EXERCISE REQUIREMENTS:
Print the records below exactly as they appear. Omit all pictures.
#### RECORDS FOR PROCESSING
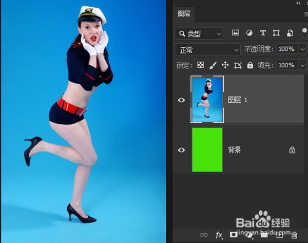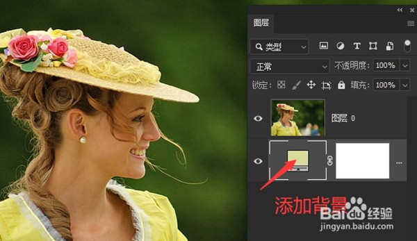 3、为了查看抠图的效果,我们可以在最下方添加一个背景图层,可以使用其他背景图像,也可以添加一个填充图层,这里我添加的是一个纯色填充图层。
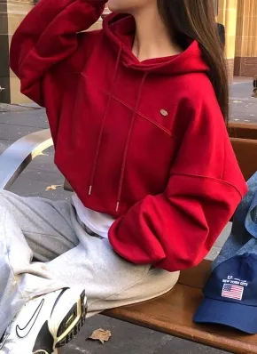 ラウンドネック半袖クロップド無地Tシャツ
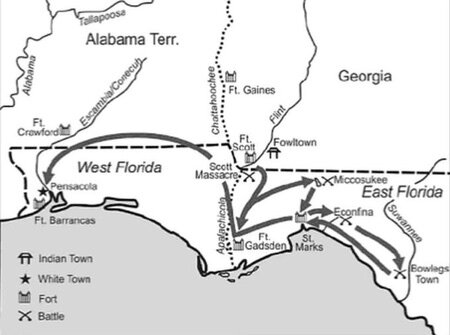 Il 12 marzo 1818 Jackson e le sue truppe varcarono il confine della Georgia dando ufficialmente inizio all’invasione americana della Florida spagnola.
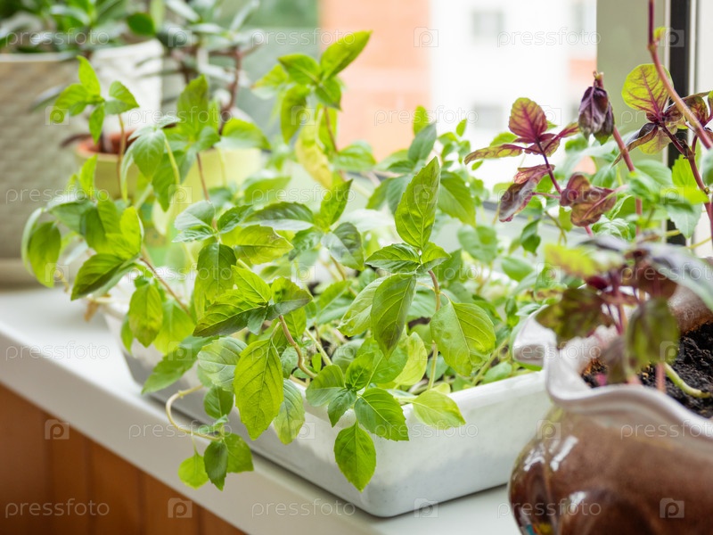 Домашнее садоводство. Рассада базилика в цветочном горшке на подоконнике. Комнатные растения
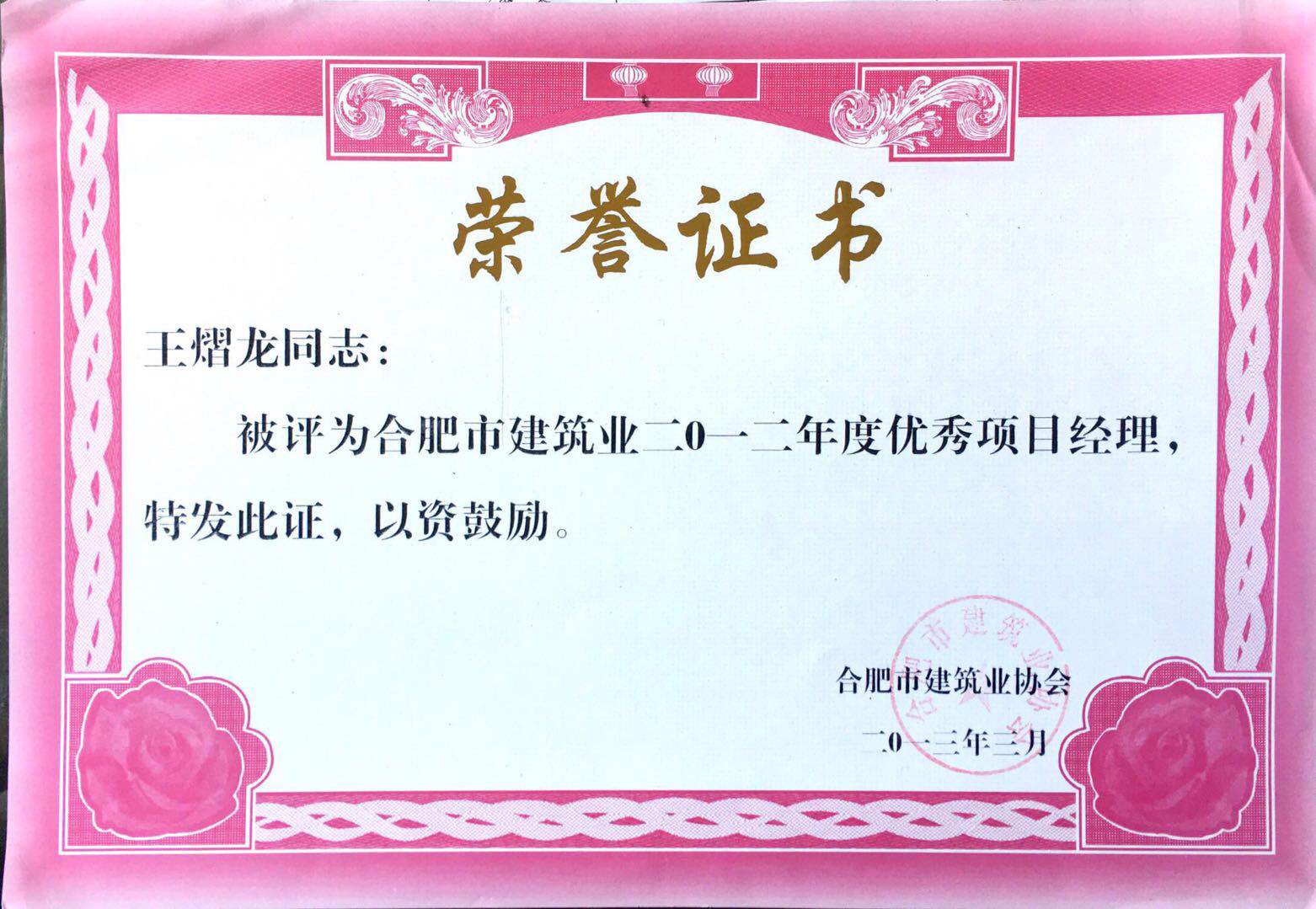 >2012年度优秀项目经理王熠龙
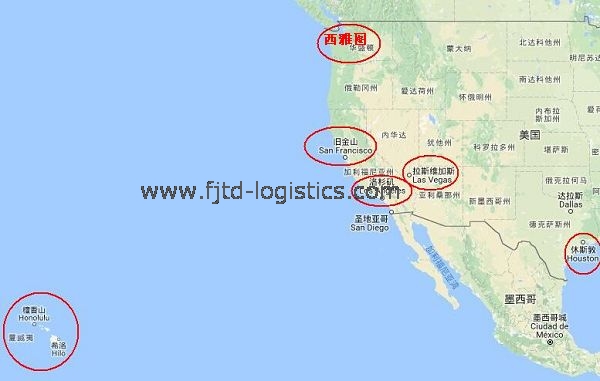 美西和美東航線上的港口,基本都是船公司到美國掛靠的基本港。其他較小港口以及內陸點,在航線上常作為美國內陸點看待。
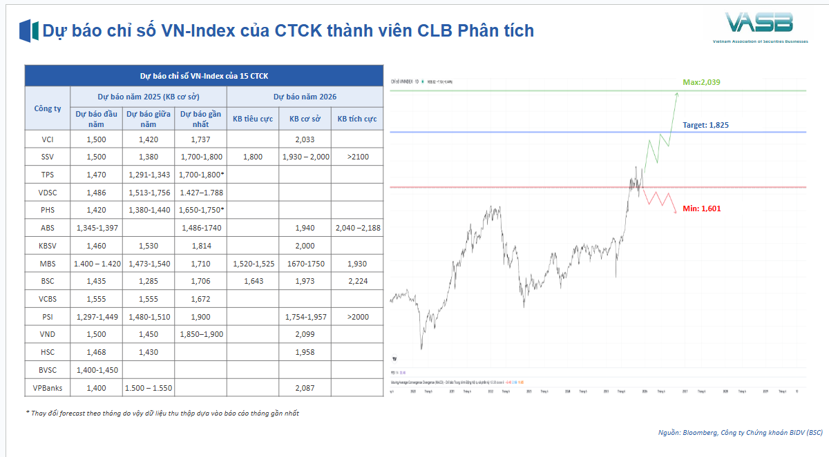 Trên cơ sở các yếu tố vĩ mô hiện tại, BSC đưa ra kịch bản dự báo cơ sở cho năm 2026 với mục tiêu VN-Index ở vùng 1.285 điểm, phản ánh quan điểm thận trọng hơn khi các rủi ro vĩ mô gia tăng và tăng trưởng EPS được điều chỉnh về mức thực tế hơn, khoảng 7–8%.
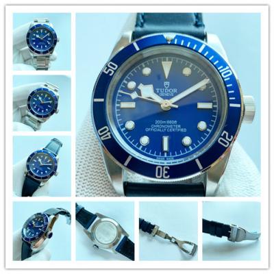 Home AAA-Brand Replica Black Bye A21j Automatic Movement Mens Watch Blue Dial Leather Strap E44
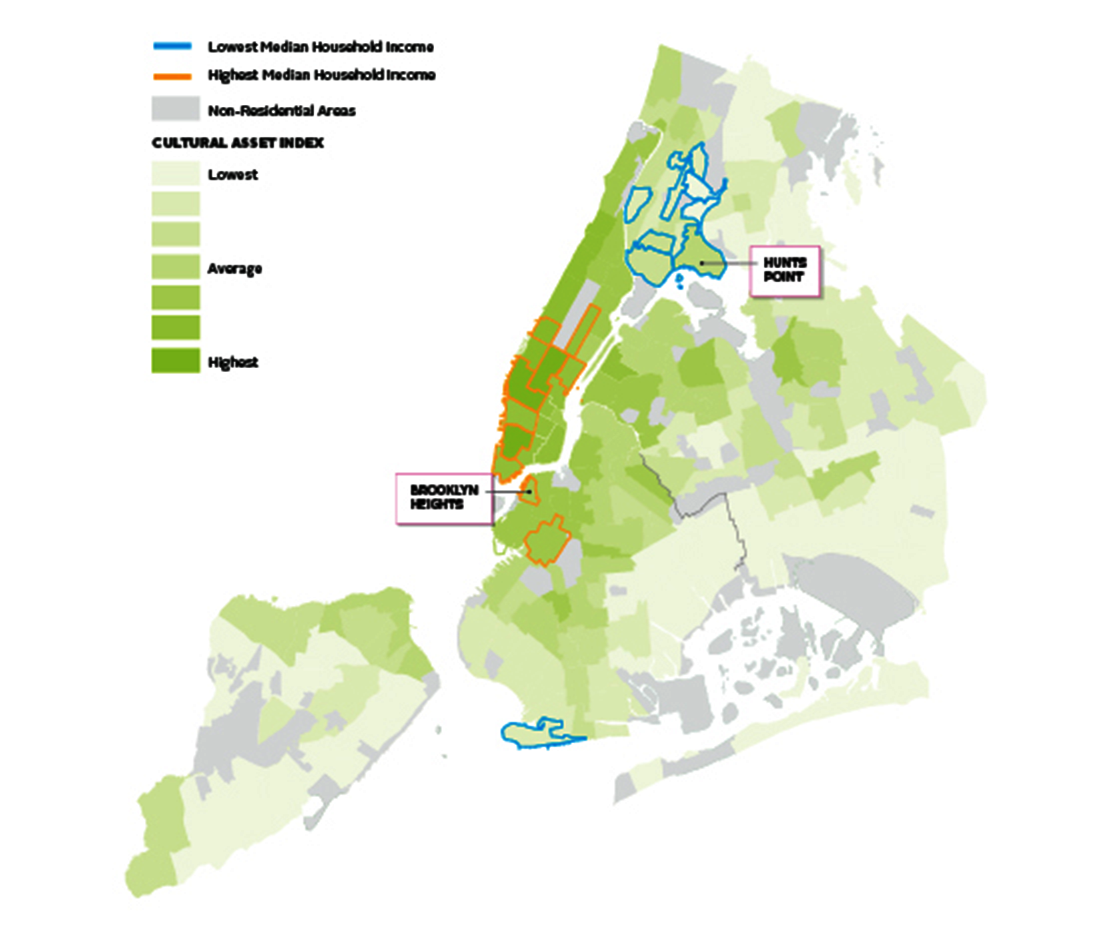 CULTURAL ASSETS IN NEW YORK CITY. The Social Impact of the Arts Project (SIAP) study found that cultural assets are unequally distributed throughout the city’s neighborhoods with significantly fewer cultural resources located in low-income communities and communities of color. According to the study, “cultural resources in the city are extremely unequally distributed. Manhattan below 125th Street and neighborhoods near downtown Brooklyn have extraordinarily high levels of cultural resources, while many neighborhoods in all boroughs have far fewer. If we break the city’s neighborhoods into five strata based on their overall economic status, we find that the wealthiest have many times more cultural resources than other parts of the city.” Courtesy of the NYC Department of Cultural Affairs, from the 2017 CreateNYC Cultural Plan.
########
ANSWER FOR THIS EXERCISE:
 3、为了查看抠图的效果,我们可以在最下方添加一个背景图层,可以使用其他背景图像,也可以添加一个填充图层,这里我添加的是一个纯色填充图层。
 ラウンドネック半袖クロップド無地Tシャツ
 Il 12 marzo 1818 Jackson e le sue truppe varcarono il confine della Georgia dando ufficialmente inizio all’invasione americana della Florida spagnola.
 Домашнее садоводство. Рассада базилика в цветочном горшке на подоконнике. Комнатные растения
 >2012年度优秀项目经理王熠龙
 美西和美東航線上的港口,基本都是船公司到美國掛靠的基本港。其他較小港口以及內陸點,在航線上常作為美國內陸點看待。
 Trên cơ sở các yếu tố vĩ mô hiện tại, BSC đưa ra kịch bản dự báo cơ sở cho năm 2026 với mục tiêu VN-Index ở vùng 1.285 điểm, phản ánh quan điểm thận trọng hơn khi các rủi ro vĩ mô gia tăng và tăng trưởng EPS được điều chỉnh về mức thực tế hơn, khoảng 7–8%.
 Home AAA-Brand Replica Black Bye A21j Automatic Movement Mens Watch Blue Dial Leather Strap E44
 CULTURAL ASSETS IN NEW YORK CITY. The Social Impact of the Arts Project (SIAP) study found that cultural assets are unequally distributed throughout the city’s neighborhoods with significantly fewer cultural resources located in low-income communities and communities of color. According to the study, “cultural resources in the city are extremely unequally distributed. Manhattan below 125th Street and neighborhoods near downtown Brooklyn have extraordinarily high levels of cultural resources, while many neighborhoods in all boroughs have far fewer. If we break the city’s neighborhoods into five strata based on their overall economic status, we find that the wealthiest have many times more cultural resources than other parts of the city.” Courtesy of the NYC Department of Cultural Affairs, from the 2017 CreateNYC Cultural Plan.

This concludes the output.